We should not lay off the idea that our universe could be a simulation assembled by a far more advanced alien civilization, says Neil Degrasse Tyson. Tyson said he would find such a condition easy to visualize, adding the odds of the universe really being a simulation "may be very high".
The astrophysicist said this in a discussion at the 2016 Isaac Asimov Memorial Debate, held at the American Museum of Natural History. Tyson was also accompanied by a panel of experts, counting Harvard physicist Lisa Randall and MIT cosmologist Max Tegmark.
The very notion of a simulated universe comprises an advanced civilization generating an artificial universe for their own entertaining purposes. Humans are already use computer programs to generate alternative realities, twith the help of virtual reality and computer gaming - so if a far more technically advanced civilization did the same, it is realistic to consider that their simulation would be wide-ranging.
Astronomer Royal Martin Rees (who was not present at the discussion) once said that: "It's not crazy to believe that sometime in the far future, there could be computers which could simulate a fairly large fraction of a world."
At the discussion, Randall said the odds of universe being not real are close to zero.
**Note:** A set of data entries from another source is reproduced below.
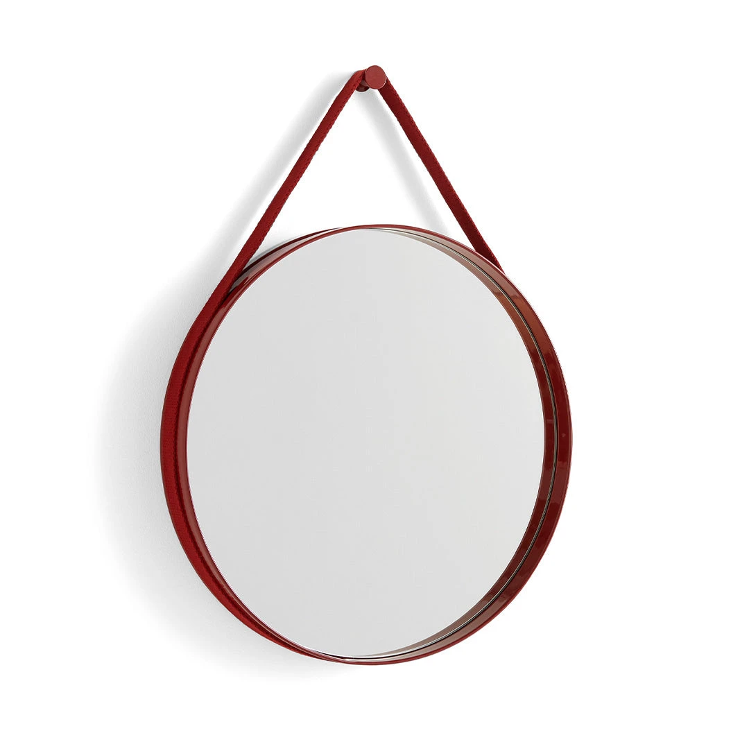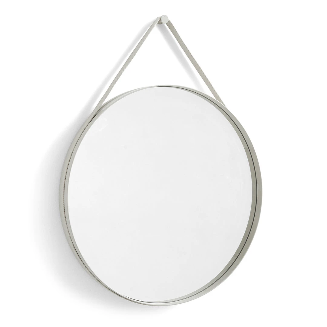 Strap Mirror’s clean circular design makes it ideal for hanging in bathrooms, bedrooms, and entrance halls, featuring a subtle groove around the edge to contain a sturdy woven strap for mounting.Â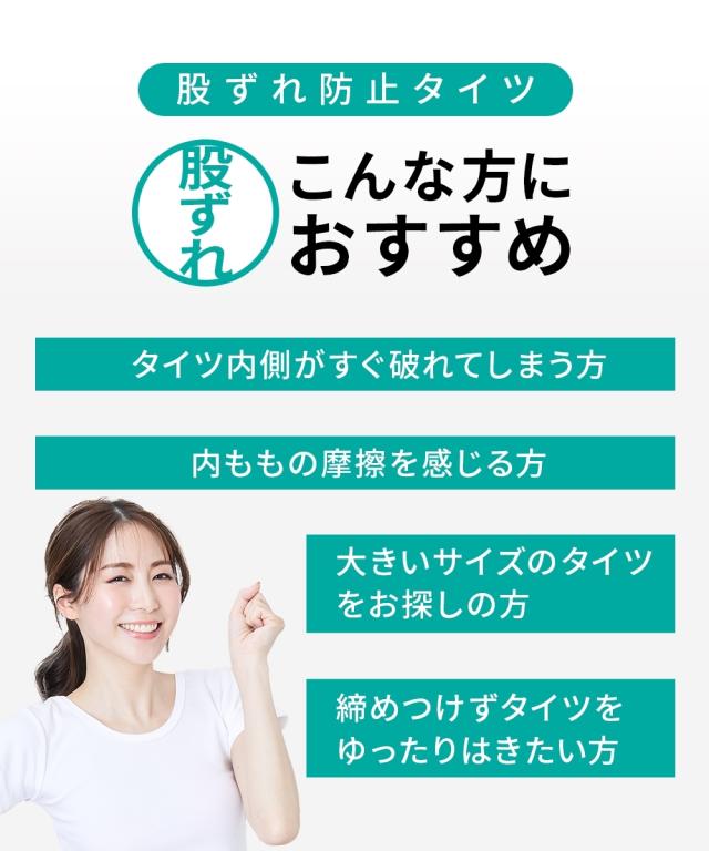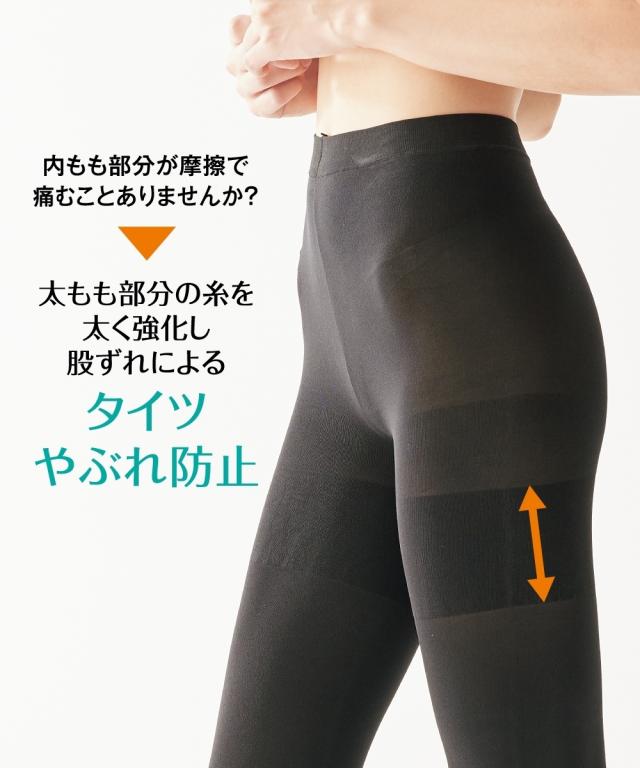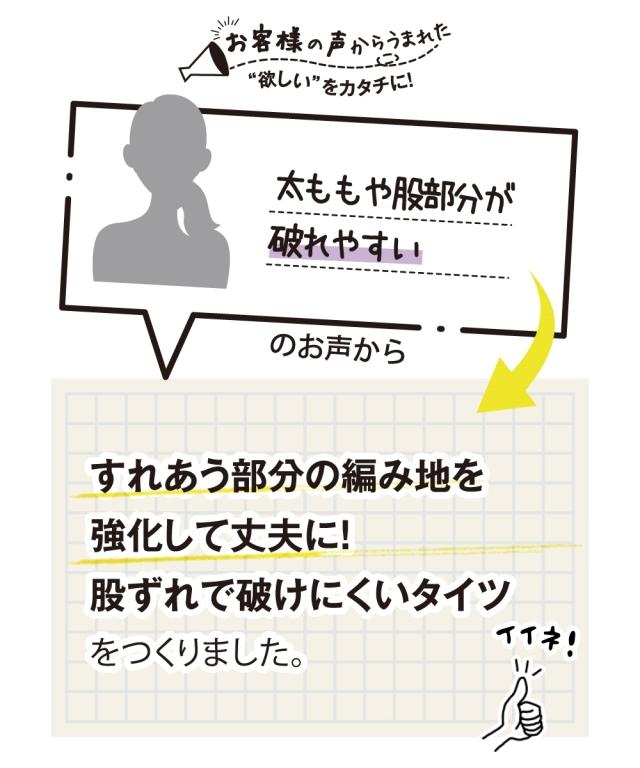 お客様の声から生まれた股ずれ部分が破れにくいすごのび80デニールタイツ 【生地強化×大きなサイズ】 「ほしい」を「カタチ」に。 お客様が実際に着用して、気になった所、ご要望を元に 商品を繰り返し【改善】 お客様と一緒に商品を育てました! こんな方にオススメ!「タイツ内側がすぐ破れてしまう方」「内ももの摩擦を感じる方」「大きいサイズのタイツをお探しの方」「締め付けずタイツをゆったりはきたい方」 股上サイズを見直しました! パンティ部分の股上の深さを長くして、ウエスト部分のズレを改善しました。 破けにくい!「太ももや股部分が破れやすい…」のお声から すれあう部分の編み地を強化して丈夫に! またずれで破けにくいタイツを作りました。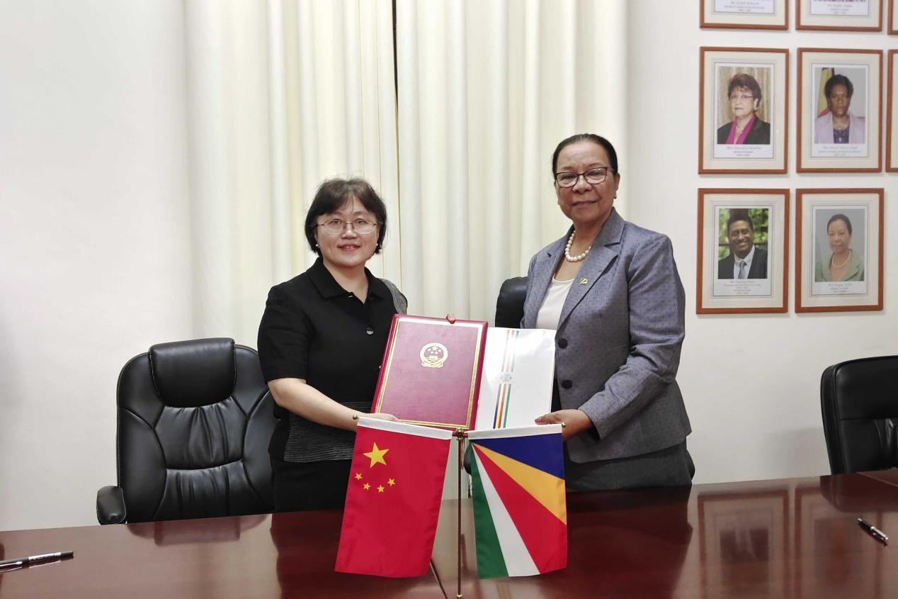中國駐塞舌爾大使林楠與塞舌爾衛(wèi)生部長維多分別代表兩國政府簽署中國援塞醫(yī)療隊議定書(2024-2028)。駐塞舌爾使館供圖

One of the opinions for a simulated universe is that if we exist in a computer programme, everything would be software so there has to be some sort of error codes that we could find. But, Randall also said that universes where errors could extent would ultimately break down – not like our own, seemingly stable universe.
But Neil Degrasse Tyson disagreed. According to him, he would not be amazed if our universe was made by a far more intelligent civilization than ourselves. He said "What would we look like to them?.We would be drooling, blithering idiots in their presence?
“If that's the case, it is easy for me to imagine that everything in our lives is just the creation of some other entity for their entertainment. I'm saying, the day we learn that it is true, I will be the only one in the room saying: 'I'm not surprised'."